| Task objective |
Give back each line of the data exactly as it reads, minus the pictures.

| Information supplied |
● ● ●
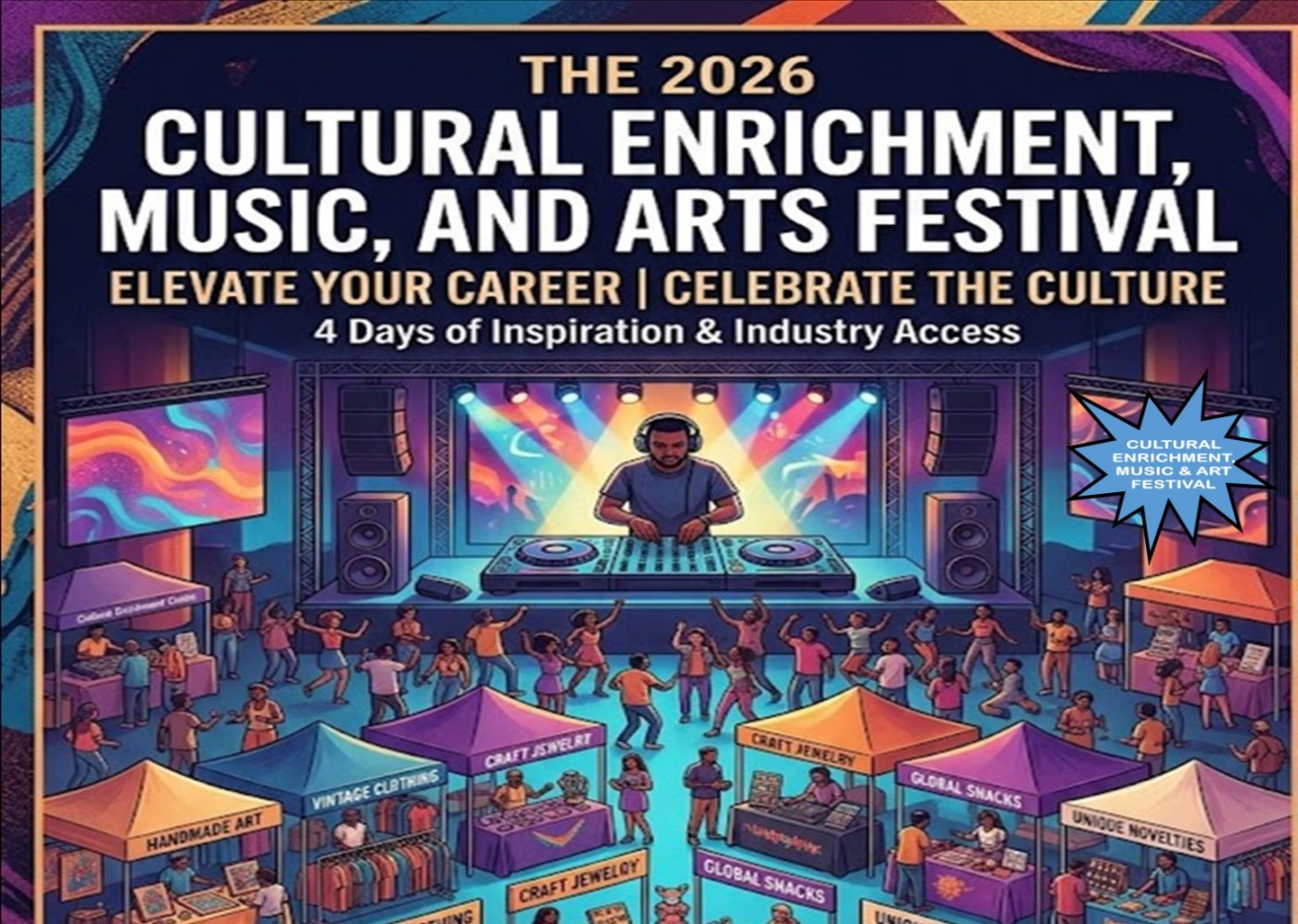 Elevate your career while celebrating the culture. The 2026 Cultural Enrichment, Music, and Arts Festival is a one-of-a-kind immersive experience designed to be both a vibrant community celebration and a powerful career catalyst. For four days, the Cultural Enrichment Center transforms into a dynamic hub where the raw energy of a street festival meets the strategic networking of a professional industry summit.
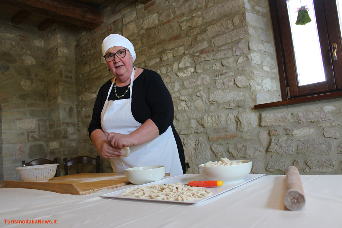 (TurismoItaliaNews) La signora Maria Luisa Vincenti Mingarelli è una vera e propria appassionata del territorio in cui vive e lavora da sempre. E dunque anche testimonial volontaria delle tante tradizioni locali, a partire dalla tavola. Siamo a Sassoferrato, l’antica Sentinum, a due passi da Fabriano e dal confine umbro-marchigiano, in un’area che in passato è stata la cerniera fra Longobardi ed Etruschi. Qui tutto trasuda storia insomma. Compresa la gastronomia evidentemente, con le buone abitudini contadine che sono oggi non solo un retaggio irrinunciabile, ma soprattutto un valore aggiunto.
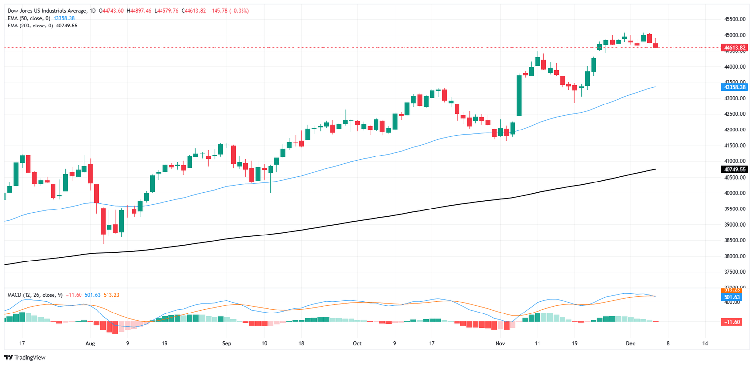 A pesar de suavizarse aún más el viernes y arrastrar al índice bursátil principal a una semana a la baja, el Dow Jones se negocia firmemente en territorio alcista y aún se mantiene al norte de los 44.500. El DJIA cayó por debajo del nivel clave de 45.000 esta semana, pero la presión bajista sigue siendo tibia en el mejor de los casos.
● ● ●
| Answer for the task |
 Elevate your career while celebrating the culture. The 2026 Cultural Enrichment, Music, and Arts Festival is a one-of-a-kind immersive experience designed to be both a vibrant community celebration and a powerful career catalyst. For four days, the Cultural Enrichment Center transforms into a dynamic hub where the raw energy of a street festival meets the strategic networking of a professional industry summit.
 (TurismoItaliaNews) La signora Maria Luisa Vincenti Mingarelli è una vera e propria appassionata del territorio in cui vive e lavora da sempre. E dunque anche testimonial volontaria delle tante tradizioni locali, a partire dalla tavola. Siamo a Sassoferrato, l’antica Sentinum, a due passi da Fabriano e dal confine umbro-marchigiano, in un’area che in passato è stata la cerniera fra Longobardi ed Etruschi. Qui tutto trasuda storia insomma. Compresa la gastronomia evidentemente, con le buone abitudini contadine che sono oggi non solo un retaggio irrinunciabile, ma soprattutto un valore aggiunto.
 A pesar de suavizarse aún más el viernes y arrastrar al índice bursátil principal a una semana a la baja, el Dow Jones se negocia firmemente en territorio alcista y aún se mantiene al norte de los 44.500. El DJIA cayó por debajo del nivel clave de 45.000 esta semana, pero la presión bajista sigue siendo tibia en el mejor de los casos.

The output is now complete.